This blog is a week – to be more accurate, a week and a day – later. I took a week’s leave last week. and we went away for a week of walking, cycling and exploring to a remote corner of Herefordshire. We might have chosen a week of better weather, but it was nonetheless good to get away from the succession of screen meetings which tends to shape the working week in these curious times. A week of walking and cycling almost traffic free lanes makes a huge difference.
June has been ‘Move More’ month in Sheffield. The month focuses attention on the benefits of physical exercise, and it has been a fantastic opportunity to support one another to be active and focus on the benefits of physical activity. The slogan ‘move more’ is just about perfect: it says exactly what it means and means exactly what it says, unlike most political slogans which are deliberately obfuscatory and meaningless. ‘Move more’ simply makes the point that we can all of us move more, more often, and for longer, whatever our initial levels of physical activity. This is a collaborative initiative, led by the National Centre for Sports and Exercise medicine, and headed up by Sheffield Hallam academic Dr Anna Lowe. Rob Copeland, who leads the Advanced Well-Being research strategy often opens his presentations by observing that for many of us, physical exercise has been designed out of our daily lives: there are just too many labour-saving devices and too much sedentary working.

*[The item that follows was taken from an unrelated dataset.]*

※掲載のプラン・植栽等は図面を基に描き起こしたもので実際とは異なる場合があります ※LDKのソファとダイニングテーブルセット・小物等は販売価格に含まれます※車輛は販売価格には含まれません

The impacts on levels of physical activity are itself a driver of poor long term physical health. The data on car journeys is especially damning: in 2017, the House of Commons Select Committee on Transport found that over 60% of journeys of between one and two miles were made by car. We can all move more.
Sheffield, of course, has a reputation as “The Outdoor City”. People have long been attracted by the city’s green spaces – those long fingers of green reaching deep into the heart of the city – and its proximity to the spectacular exercise opportunities afforded by the Peak District. As it happens, as we got back from a week in Herefordshire, we had a weekend visit from old university friends. We’d not been able to see them for the past fifteen months and this was their first visit to Sheffield to see us. Urban dwellers from the south, they were surprised by just how quickly we could get out into the Peak District for bracing walks. On our Sunday morning walk in the Porter Valley, they were particularly taken aback by just how many people we participating in the Round Sheffield Run.

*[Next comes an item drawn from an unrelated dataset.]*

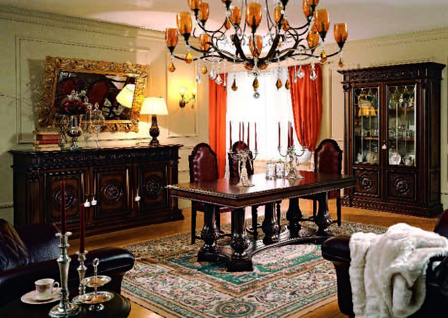 Set for the dining room from Italian manufacturer Mobil Deri. Set includes dining table, chair, chest of drawers and a sideboard. The furniture is made of natural wood, the surface is treated with lacquer. The doors of the sideboard - glass. The upholstery is genuine leather. The table is rectangular. The color of natural wood products.

This is part of the background to the new Move More strategy which sets out a clear vision and mission which unites the city’s residents with a shared purpose to create a healthier, happier and more connected Sheffield. The approach has been renewed in the wake of the Covid-19 pandemic. Health inequalities have been simultaneously a driver of differential experiences in the pandemic, but have also been reinforced and exacerbated by it. This in itself means that there’s no easy solution to the challenges of moving more.
Almost everyone knows that they should be more physically active, and that more activity is good for them physically, emotionally and psychologically. But if there is one compelling reason to move more, there are always a compelling range of smaller reasons to put off the walk, the cycle ride, the run or the gym: the action-intention gap is large. This means that a strategy is needed – and like all strategies it involves clear problem diagnosis, a compelling over-arching vision and a set of actions to achieve a common goal. So the Move More vision is a joint endeavour – a collaboration of anchor institutions, civic leaders, groups and individuals, and this in itself means that Hallam’s engagement with, a collaborative leadership of the Move More strategy is a good example of civic engagement in action.
The new Move More campaign has been marked with a new interactive game, Beat the Street, which launched on Wednesday 16 June and runs until 28 July. The game aims to get everyone moving and has already been a huge success with 50,000 players signed up and, so the website just informed me, over 200,000 miles already covered. You can register as an individual or together as a team to earn points, raise money for charity and win prizes as you walk, cycle, run, scoot or roll to clock up as many active travel miles as possible. Find out more details, including where to pick up your fob/card, how to register, maps and more by visiting the Beat The Street website.
All the activities taking place across Sheffield this month have certainly inspired me. As I return to a busy week of Zoom meetings, I am determined to make sure I move much more and keep active throughout the working day. We can all move more.